The tendency for bimodal distributions in PDFs generated by the Darwin-CBIOMES-0 configuration also occurs in Longhurst provinces in the westerlies biome. Here, the differences between satellite-derived and modeled Chl is less clear, with some provinces having extremely similar distributional shapes and others mainly having different variances. The province with the biggest differences is the Mediterranean Sea, a result that is not surprising, especially when considering the complex hydrology and distinct ecosystem dynamics there. Longhurst provinces in the trades biome show generally good fits between the model and OC-CCI. Provinces in this biome showed a general pattern in which the model and satellite-derived Chl distributions had similar shapes but with an offset relative to each other. The biggest differences in the trades biome are found in the Caribbean and the adjacent north tropical gyre. Both provinces show significantly lower Chl concentrations in Darwin-CBIOMES-0 and tend to be skewed towards low values with longer tails.

Dividing the different data sets into monthly distributions allowed us to further diagnose possible differences between OC-CCI and the Darwin-CBIOMES-0 configuration. We found that provinces in the polar biome tended to show the largest discrepancies during winter and spring, a pattern that is consistent with results given by Jonsson et al. (2015). It is also notable that these provinces and seasons occurred where and when simulated Chl in Darwin-CBIOMES-0 differed the most from Rrs-derived Chl in the model. These misfits can be due to a number of factors, such as inadequate model inputs, forcings, model inputs, forcings, parameterizations, numerical schemes, problems arising from bio-optical constraints due to extreme light conditions, unresolved physical processes, or a combination of these. Two specific causes suggested by Jonsson et al. (2015) are a meridional misalignment of the physical processes that drive Chl variability in the Antarctic Ocean or a lack of small-scale variability in the mixed layer dynamics. The latter explanation is supported by comparing the distributions of mixed layer depths from Argo floats and two CMIP5 class climate models with a 1 spatial resolution, showing that shallow mixed layers are observed even during the winter in the Southern Ocean. These short-lived events could generate small phytoplankton blooms that keep the total biomass from decreasing to the low concentrations seen in the models (Jonsson et al.2015). The difference in polar phytoplankton biomass between models and satellite-derived products is an area in need of more research.

We believe that the skill of biogeochemical models to generate realistic distributions of properties are as important as, if not more important than, the skill to predict a property at a specific time an location or the long-term averages.

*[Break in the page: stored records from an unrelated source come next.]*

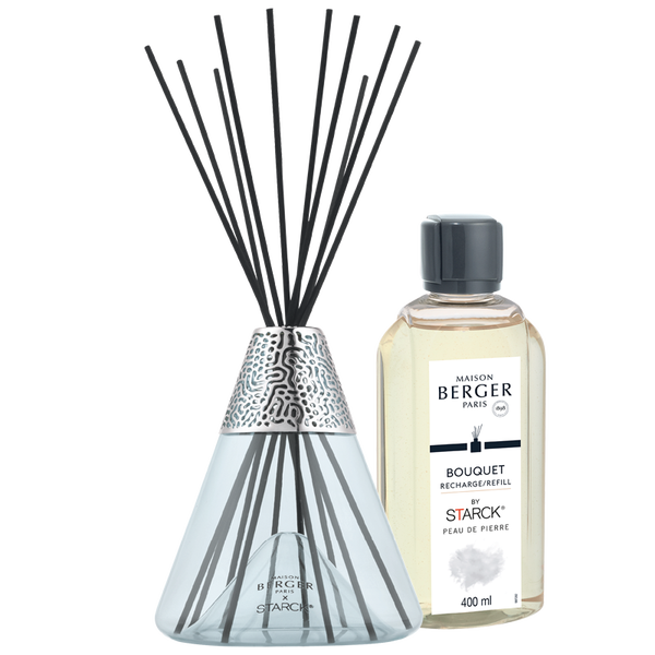 De parfumverspreider by Starck Peau de Pierre zijn atypisch, net als de ontwerper die zijn naam en talent heeft verleend aan verschillende creaties die het resultaat zijn van zijn samenwerking met Maison Berger Paris. De tijdloze lijnen en de eenvoudige, strakke vorm maken dit alledaagse voorwerp tot een icoon. Het is esthetisch geïnspireerd door laboratoriumglaswerk, wat de creatie ervan een echte finesse geeft. De body van de parfumverspreider is duidelijk herkenbaar en aan de bovenkant versierd met een metalen ring met organische motieven en moleculaire codes. Het geheim van de originaliteit van de parfumverspreider by Starck Peau de Pierre ligt in zijn gewelfde, gestikte en gezeefdrukte voet. De grijze kleur geeft het die extra etherische elegantie, gebruikt als verwijzing naar de verpakking van het persoonlijke parfum Peau de Pierre. Herken de pittige intensiteit van bergamot gecombineerd met de bloemige geur van jasmijn besprenkeld met enkele kruidige en muskusachtige accenten in deze tot huisparfum omgevormde geur. Deze mannelijke parfumcompositie speelt met ambiguïteit en bevestigt tegelijkertijd de vrouwelijke kant.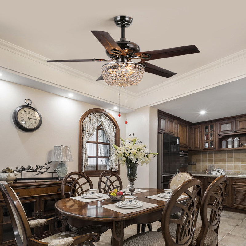 सजावटी लिविंगरूम कार्यालय धातु ब्लेड प्रकाश के साथ चेन क्रिस्टल सीलिंग फैन खींचो
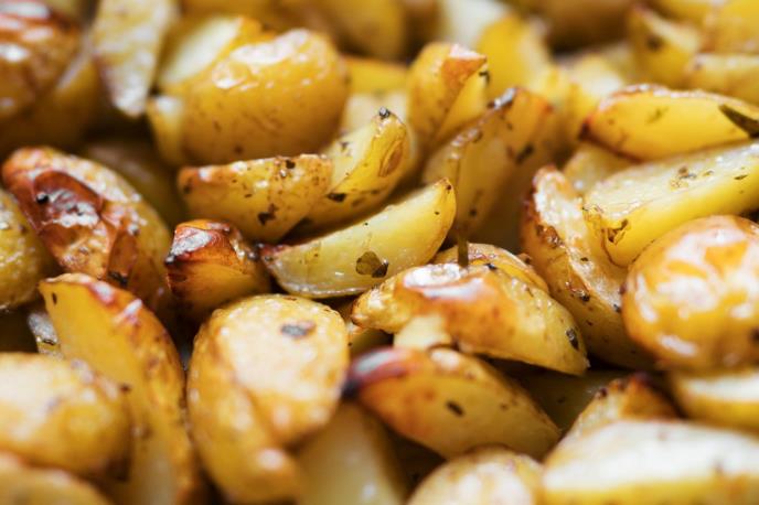 Ostavite da se prosuše, pa ih pomešajte sa 2 kašike ulja (najbolje maslinovog) i začinima po želji - ruzmarinom, bosiljkom, solju, biberom... Prebacite ih u pleh obložen pek papirom i pravac u prethodno zagrejanu rernu!
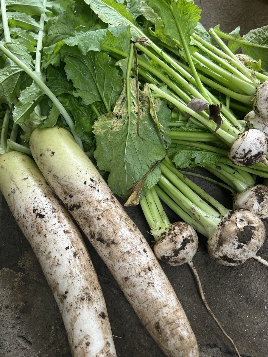自家栽培の野菜 「大根、かぶ、いんげん、ふゆな」 「ふゆな」はこの数馬地域で昔から続いているお野菜です。苦みと甘みが美味しい! #檜原村 #自家栽培 #ふゆな pic.x.com/OH105LCAPW

The recent focus on regional heat waves (Oliver et al.2021) and other extreme events have highlighted that rare physical conditions and consequent biological responses can have an outstanding influence on ocean health. It has also been suggested that the frequency of rare events might be as important as long-term averages for understanding changes in marine ecosystems (Jönsson and Salisbury2016).

5 Conclusions

In this study, we have shown that using probability distributions of Chl provides a comprehensive approach to compare biogeochemical models with in situ data and satellite-derived fields. Direct point-by-point comparisons can be prone to overestimating errors due to small temporal lags or displacements in space, while the ability of a model to generate a probability distribution function that matches well with the observed data suggests that physical and biological processes are resolved reasonably well. We also found that Longhurst provinces act as a good classification system to use when generating the probability distributions, since they are defined to minimize within-region variability by separating areas that are controlled by different physicochemical processes from one another. Finally, EMDs provided a powerful approach to quantifying the difference between distributions in an objective way. The combined use of PDFs, Longhurst provinces, and EMDs allowed us to identify Longhurst provinces such as the polar oceans and tropical North Atlantic Ocean, which need specific attention, and areas where the model already shows a lot of skill. It is clear that model versus data comparisons and skill assessments need to be conducted in such a way that one can start to address the specific processes and conditions that lead to discrepancies.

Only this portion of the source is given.